Intervention de Françoise Gatel

Délégation aux Collectivités territoriales et à la décentralisation — Réunion du 6 mai 2021 à 9h30
Audition de Mm. Patrick Gérard directeur de l'école nationale d'administration ena et franck périnet directeur de l'institut national des études territoriales inet

Photo de Françoise GatelFrançoise Gatel, présidente :

Vous avez parlé, Monsieur Gérard, de cette difficulté que nous avons autour de l'égalité. C'est un vrai sujet car nous ne parlons pas tous de la même chose. Nous sentons parfois une musique à bas bruit et nous l'entendons beaucoup plus en ce moment, alors que le projet « 4D » devrait traiter de la différenciation. Subrepticement s'installe l'idée que la différenciation serait source d'inégalité et de compétition entre les territoires. Il est extrêmement important que nous définissions ce dont nous parlons. Il y a une obligation d'égalité de droit et de de liberté, mais pour atteindre cet objectif, il convient de différencier les moyens qui permettent de l'atteindre. Nous savons déjà qu'il existe, en droit français, des dispositions spécifiques pour les collectivités d'outre-mer (COM), pour les communes de montagne, le littoral et même selon la taille des communes.

Par exemple, le nombre de conseillers municipaux et l'obligation de scrutins en liste, qui concerne l'ensemble de nos territoires y compris la métropole, varie selon la taille de la commune. Chacun a reconnu, avec pertinence, qu'il est impossible d'imposer les mêmes contraintes selon la taille de la commune. Nous devons parvenir à apaiser ce débat, que nous avons ici aussi au Sénat. Cette égalité, qui se confond avec l'uniformité de moyens, est comme la norme : une contrainte et un empêchement à l'efficacité de l'action publique. Le législateur a le devoir de partager ce constat, car chaque année la ruralité diffère un peu plus de l'urbain, et il convient à l'État d'assurer un rôle de péréquation.

Je souhaiterais faire écho à la question de notre collègue Dominique Estrosi Sassone concernant la diversité des profils dans les écoles. Cette particularité existe dans beaucoup de filières, car nous constatons une sorte d'assignation à résidence pour les jeunes, qui n'est pas liée uniquement à leur milieu social et à la culture, mais à une incapacité à sortir de son lieu de résidence et de sa communauté. Il est très difficile pour quelqu'un qui habite en Bretagne centrale ou au coeur du Jura de se projeter dans un univers d'étude en Normandie, parce que cela bouscule son mode de vie. Ce sujet doit nous intéresser.

J'apporterai une conclusion personnelle. À l'ère de la communication et des symboles, il est facile de sortir l'échafaud pour l'ENA en pensant qu'elle serait la cause des maux de la France et surtout de ses fractures territoriales et sociales. Pourtant, je ne le pense pas.

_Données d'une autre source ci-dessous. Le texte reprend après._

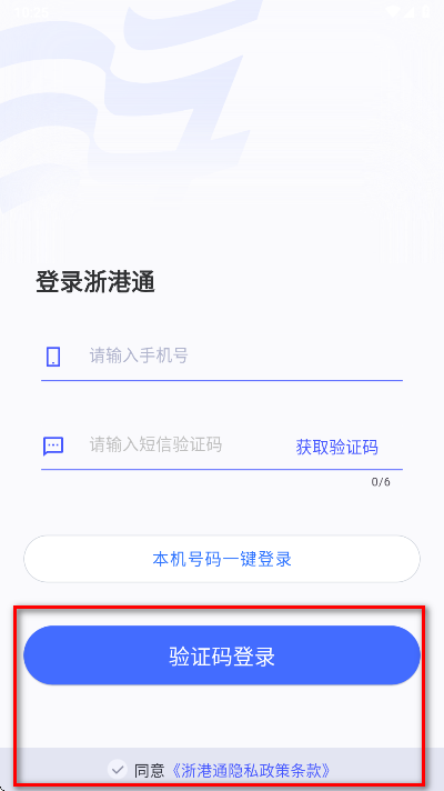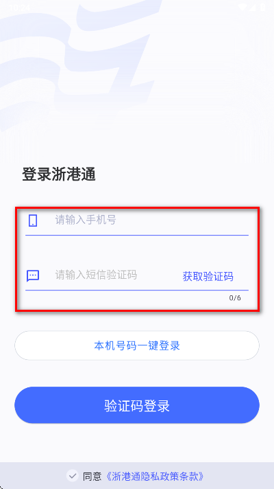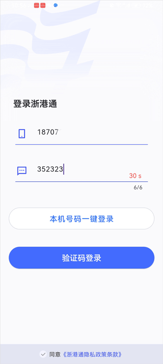 1.打开浙港通,输入自己的手机号和短信验证码。

En France, la formation des grands serviteurs de l'État fait émerger des personnes extrêmement intelligentes et prédominer la qualité des personnels. La France dispose également de grands corps d'ingénieurs techniques, dont on parle peu mais qui savent nous expliquer ce que nous, les élus locaux, nous ne pouvons pas comprendre, quand les sujets sont extrêmement techniques. Il est donc important que la France conserve un niveau d'excellence de formation, même s'il doit naturellement évoluer. La crise sanitaire a montré que, face à des situations totalement imprévisibles, une capacité d'adaptation est nécessaire.

Je terminerai par une anecdote. En 2020, lors des élections municipales dans mon département d'Ille-et-Vilaine, une self-made woman était maire d'une commune rurale et également vice-présidente de son intercommunalité. Elle a eu la lourde charge de mettre en place un plan local d'urbanisme intercommunal (PLUI), ce dont elle s'est acquittée d'une manière assez remarquable. Puisqu'elle a mis fin à ses mandats, j'ai pu lui faire part de mon sentiment. Je trouvais intéressant que des élus locaux comme elles puissent aussi aller parfois en mission, non pas à l'ENA ou à l'INET, mais dans des cabinets ministériels.

Chers collègues, en avant-première, nous pouvons vous faire bénéficier de la communication des résultats de la consultation auprès des élus locaux sur nos 50 propositions, qui fera l'objet d'une conférence de presse le 11 mai 2021 à 16 heures.